Eritrea


L’Eritrea si trova nel Corno D’Africa, confina a nord nord-ovest con il Sudan, a sud con il Gibuti e con l’Etiopia, a nord-est e ad est con il Mar Rosso. Il suo territorio, vasto circa 121.300 km², si può dividere in quattro regioni dalle caratteristiche fisiche profondamente diverse: l'arida pianura costiera, la zona collinare del nord ovest, la zona delle pianure e l'altopiano occidentale, la parte maggiormente abitata del paese. La sua popolazione conta circa 4.401.000 di abitanti, di cui il 40% appartenente ai Tigrana e circa la metà appartenente ai Tigrè, i due maggiori gruppi etnici; il resto della popolazione è di etnia Nara, Kunama, Afar, Bilen, Rashaida, Hidareb e Saho.

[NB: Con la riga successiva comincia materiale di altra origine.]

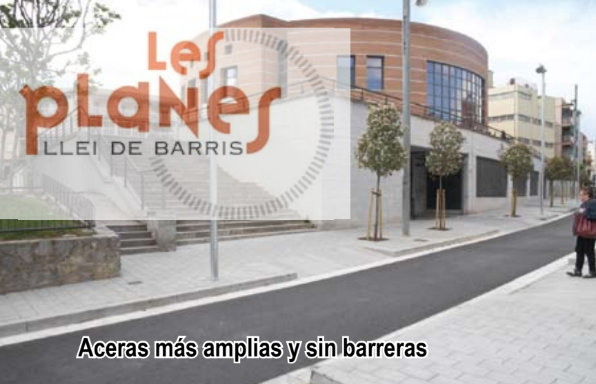
Aceras más amplias y sin barreras

Dal punto di vista religioso, la popolazione eritrea è equamente divisa tra musulmani (50%) a nord e cristiani (50%) a sud. Lo Stato ha tuttavia ufficialmente riconosciuto quattro confessioni: cristiani ortodossi, musulmani sunniti, cattolici, chiesa evangelica di Eritrea.
Le due lingue ufficiali sono il tigrino e l'arabo, tuttavia nel paese si parlano nove lingue differenti che a parte le due ufficiali sono, in ordine decrescente di diffusione Tigré, Afar, Saho, Beja, Bilen, Nara e Kunama. Nella scuola a partire dalla sesta classe tutte le lezioni vengono tenute in inglese. L'italiano, lingua un tempo assai diffusa, va ora scomparendo, è conosciuta dalle persone anziane nei centri principali ed è insegnata nella scuola Italiana di Asmara.

L'Eritrea è un paese in via di sviluppo: esporta modesti quantitativi di prodotti locali mentre deve importare combustibili, macchinari, manufatti e alimenti. L'economia è basata principalmente su un'agricoltura di sostentamento e sull'allevamento di ovini e bovini. L'agricoltura, negli altopiani, e la pastorizia lungo la costa e nelle pianure del paese, restano per la maggioranza della popolazione del paese le uniche fonti di sussistenza. Le poche industrie presenti nel paese sono situate prevalentemente nella capitale Asmara, ma sono in corso progetti di diversificazione delle attività industriali in diverse altre parti del paese.

Il 20 maggio 1960 l'Eritrea fu trasformata in una provincia amministrativa dell'impero etiopico e nel 1962 fu definitivamente annessa. La lotta per l'indipendenza scatenatasi nel 1961 ebbe fine nel 1991, quando il Fronte di Liberazione del Popolo Eritreo scacciò l'esercito etiope fuori dei confini eritrei, e si unì agli altri movimenti etiopi di resistenza per rovesciare la dittatura del Derg che cadde nello stesso anno. Due anni dopo venne indetto un referendum, con la supervisione della missione delle Nazioni Unite denominata UNOVER ed in esso si decise se l'Eritrea dovesse essere un paese indipendente o dovesse mantenere la federazione con l'Etiopia. Il referendum stabilì l'indipendenza dell'Eritrea, che venne dichiarata ufficialmente il 24 maggio 1993. Il leader dell'EPLF, Isaias Afewerki, divenne il Primo Presidente provvisorio dell'Eritrea, ed il Fronte di Liberazione del Popolo Eritreo, ribattezzato Fronte Popolare per la Democrazia e la Giustizia (PFDJ), diede vita al primo governo.